There is still an open question about whether we should make our own com.github.luben.zstd.ZstdDictCompress datastructure so that the API is abstracted away from the implementation.

Oct 29 '25 08:10 mdedetrich

@mdedetrich Not sure if it's better to be a dedicated module, I will review it this weekend.

There is a discussion on this topic at https://github.com/apache/pekko/pull/2409#discussion_r2469468261, I personally think making this an extra module adds a lot of ceremony (as we would also have to add it another module in pekko-http) for no real benefit to end user but if a lot of people feel strongly about it I can reconsider.

Oct 29 '25 08:10 mdedetrich

I have just added another commit where we use the ByteBufferCleaner to clean up the direct byte buffers rather than resorting to GC (see my comment). There is however an open question about whether we should do

if (ByteBufferCleaner.isSupported)
  ByteBufferCleaner.clean(inputBB)

on the compress method in ZstdCompressor as this will trigger a cleanup on every onPush of the stream. I don't know how expensive this cleanup is, there can be an argument that for this specific case we should defer it for GC as GC cleaning up many ByteBuffers as a batch would be faster, @jrudolph can you comment?

Oct 29 '25 12:10 mdedetrich

on the compress method in ZstdCompressor as this will trigger a cleanup on every onPush of the stream. I don't know how expensive this cleanup is, there can be an argument that for this specific case we should defer it for GC as GC cleaning up many ByteBuffers as a batch would be faster, @jrudolph can you comment?

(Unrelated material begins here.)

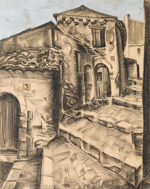 Stairs in Castel Molo, 1930, charcoal, mixed media on paper, 17.5” x 15”. Castel Molo is a village in the mountains of Sicily, roughly between Palermo and Messina. The road leading up to the old Saracen castle at the peak is comprised of more than 600 steps! I wonder how far up Boleslaw was when he stopped to sketch this?

There used to be a reason to use buffer pools especially for direct buffers, probably not least because you might fragment the native heap. Would probably make sense to not churn through them in quick succession. Why not use the buffer pool from the zstd-jni jar?

Oct 29 '25 12:10 jrudolph

on the compress method in ZstdCompressor as this will trigger a cleanup on every onPush of the stream. I don't know how expensive this cleanup is, there can be an argument that for this specific case we should defer it for GC as GC cleaning up many ByteBuffers as a batch would be faster, @jrudolph can you comment?

There used to be a reason to use buffer pools especially for direct buffers, probably not least because you might fragment the native heap. Would probably make sense to not churn through them in quick succession. Why not use the buffer pool from the zstd-jni jar?

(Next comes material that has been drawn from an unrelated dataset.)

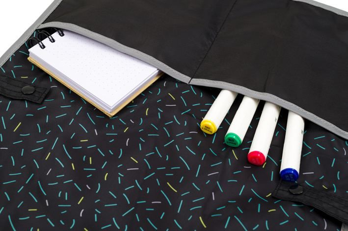 Zástěrka na výtvarnou výchovu typu pončo je zapíntelná na praktické druky. Dítě nemusí zástěrku zavazovat na zádech, snadno si samo nastaví velikost kolem pasu a zároveň má díky praktickému střihu chráněnou větší část těla. Zástěrka je vybavena dvěma kapsami a je snadno omyvatelná. Rozměr: 36 x 60 cm

Ah I just noticed the buffer pool in zstd-jni, it wasn't being used in the sample code with ZstdDirectBufferCompressingStream/ZstdDirectBufferDecompressingStream, ill look into it, thanks!

Oct 29 '25 12:10 mdedetrich

on the compress method in ZstdCompressor as this will trigger a cleanup on every onPush of the stream. I don't know how expensive this cleanup is, there can be an argument that for this specific case we should defer it for GC as GC cleaning up many ByteBuffers as a batch would be faster, @jrudolph can you comment?

There used to be a reason to use buffer pools especially for direct buffers, probably not least because you might fragment the native heap. Would probably make sense to not churn through them in quick succession. Why not use the buffer pool from the zstd-jni jar?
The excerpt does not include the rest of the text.